1. The regulators have been “getting smart” on incentive compensation. While the 2011 rules seemed to have been proposed in a vacuum, the regulators have indicated that the new rules are based on their collective supervisory experiences gained over the last several years. The new rules incorporate practices that institutions and foreign regulators have adopted to address compensation practices that may have contributed to the financial crisis.

2. The new rules try to lessen the burden on smaller institutions by further dividing banks into categories based on assets and by scaling the requirements. The new rules recognize three categories each of which will be subject to varying levels of oversight:

  • Level 1 (greater than or equal to $250 billion);
  • Level 2 (greater than or equal to $50 billion and less than $250 billion); and
  • Level 3 (greater than or equal to $1 billion and less than $50 billion).

Institutions with average total consolidated assets of less than $1 billion will be subject only to the “safety and soundness” aspects described below. In most cases, the new rules apply the most stringent aspects only to Levels 1 and 2, while Level 3 just has primarily governance and recordkeeping obligations. However, regulators do have the discretion to subject Level 3 institutions to the rules applicable to Level 1 and 2 institutions.

3. The new rules get more specific about troublesome compensation designs. An incentive compensation arrangement will not be considered to appropriately balance risk and reward unless it:

  • Includes financial and non-financial measures of performance;
  • Is designed to allow non-financial measures of performance to override financial measures of performance, when appropriate; and
  • Is subject to adjustment to reflect actual losses, inappropriate risks taken, compliance deficiencies, or other measures or aspects of financial and non-financial performance.

4. The new rules extend mandatory deferral and clawback periods for Level 1 and 2 institutions. At their most restrictive, the new rules will require deferral for at least four years of at least 60 percent of senior executive officers’ incentive compensation and at least 50 percent of significant risk-takers’ incentive compensation.
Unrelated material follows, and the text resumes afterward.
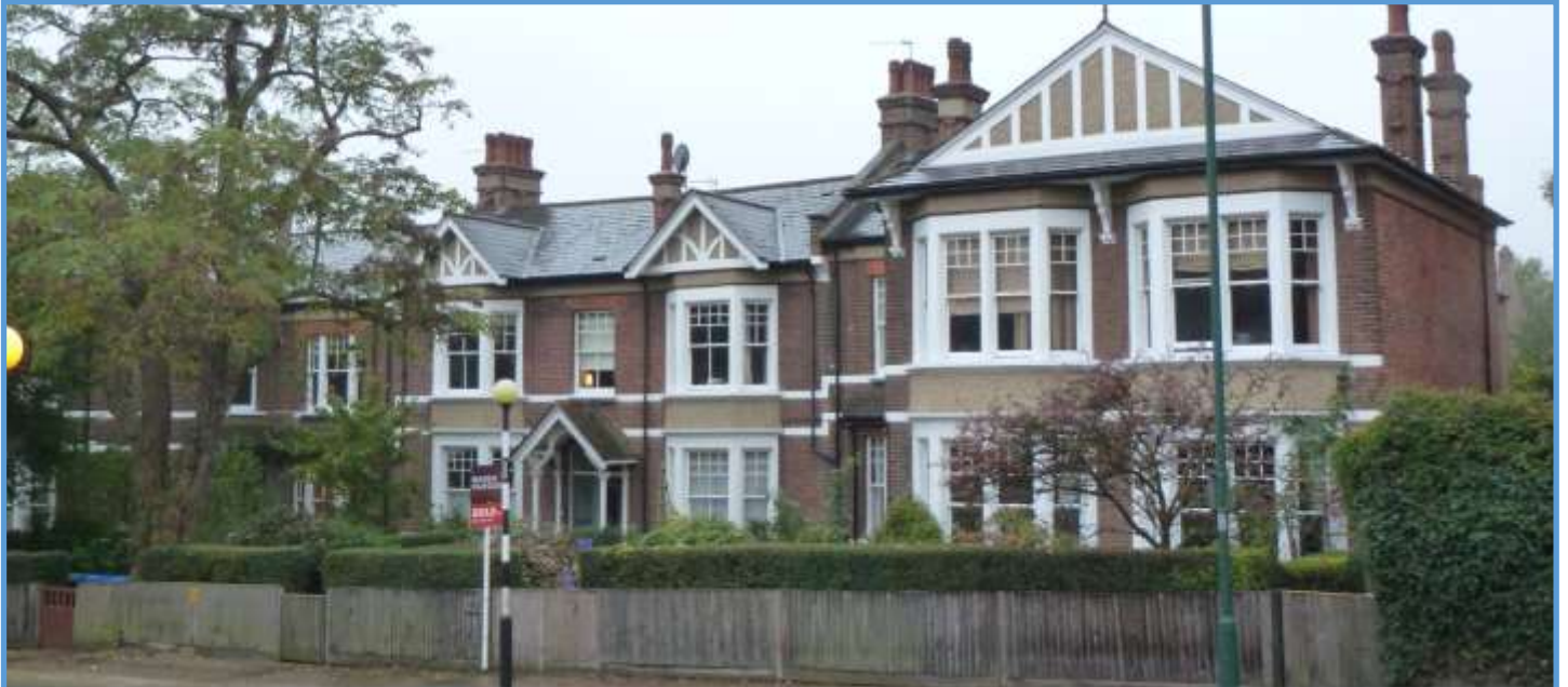
Proposed for Local List: Brondesbury Park Mansions, Salusbury road, NW6 6PD

Objective 3: Work with communities, residents' associations and local history societies to thematically identify potential candidates for the Local List, based on the Borough selection criteria.

In addition, the new rules will require clawback provisions that, at a minimum, allow the institution to recover incentive compensation from the same individuals for seven years following the date on which the compensation vests, if the institution determines that the individual engaged in misconduct, fraud or intentional misrepresentation of information.

One Similarity
In addition to the foregoing key differences from the 2011 proposal, one important aspect remains the same. Similar to the 2011 rules, the new rules will prohibit all institutions from establishing or maintaining incentive compensation plans that encourage inappropriate risk by providing excessive compensation, fees, or benefits or that could lead to material financial loss to the covered institution. In this regard, the new rules continue to rely on the bank regulators’ “safety and soundness” guidelines respecting all compensation arrangements. In particular, in assessing the balance of risk and reward with respect to any compensation arrangement, institutions should consider all relevant factors including:

  • The combined value of all compensation, fees, or benefits provided to a covered person;
  • The compensation history of the covered person and other individuals with comparable expertise at the covered institution;
  • The financial condition of the covered institution;
  • Compensation practices at comparable institutions, based upon such factors as asset size, geographic location, and the complexity of the covered institution’s operations and assets;
  • For post-employment benefits, the projected total cost and benefit to the covered institution; and
  • Any connection between the covered person and any fraudulent act or omission, breach of trust or fiduciary duty, or insider abuse with regard to the covered institution.

Effective Date and Transition
It is expected that the last two regulators will publish their version of the new rules in the coming weeks. Variation between versions is not expected. A comment period will follow publication by each of the regulators. The new rules will become effective approximately 18 months after being published in final form. The new rules will not apply to any incentive compensation plan with a performance period that begins before the final rules are effective.

The Four Habits of Successful Bank Compensation Committees


compensation-committee-6-17-16.pngCompensation committees are responsible for setting the foundation of a bank’s compensation program, subsequently impacting the bank’s underlying culture. The banking industry is more competitive than ever, so attracting and retaining top talent should be the number one priority. With a compensation committee that is educated on industry trends and modern-day compensation best practices, your bank will be on its way to developing programs that attract and retain top talent. Here are the top four best practices a bank’s compensation committee should consider.

1. Committee Members Should Take Steps to Stay Educated
Your committee members are responsible for staying aware of compensation trends. They need to always be in-the-know of complications, IRS penalties, and other factors with unintended consequences or expenses that can impact both the bank and the executives. Committee members should regularly review market trends in executive compensation; staying aware of banking trends as well as trends in other industries will better position the bank for success in recruiting, rewarding, and retaining talent. Your board should also be educated by the committee regarding your compensation philosophy and how the committee functions.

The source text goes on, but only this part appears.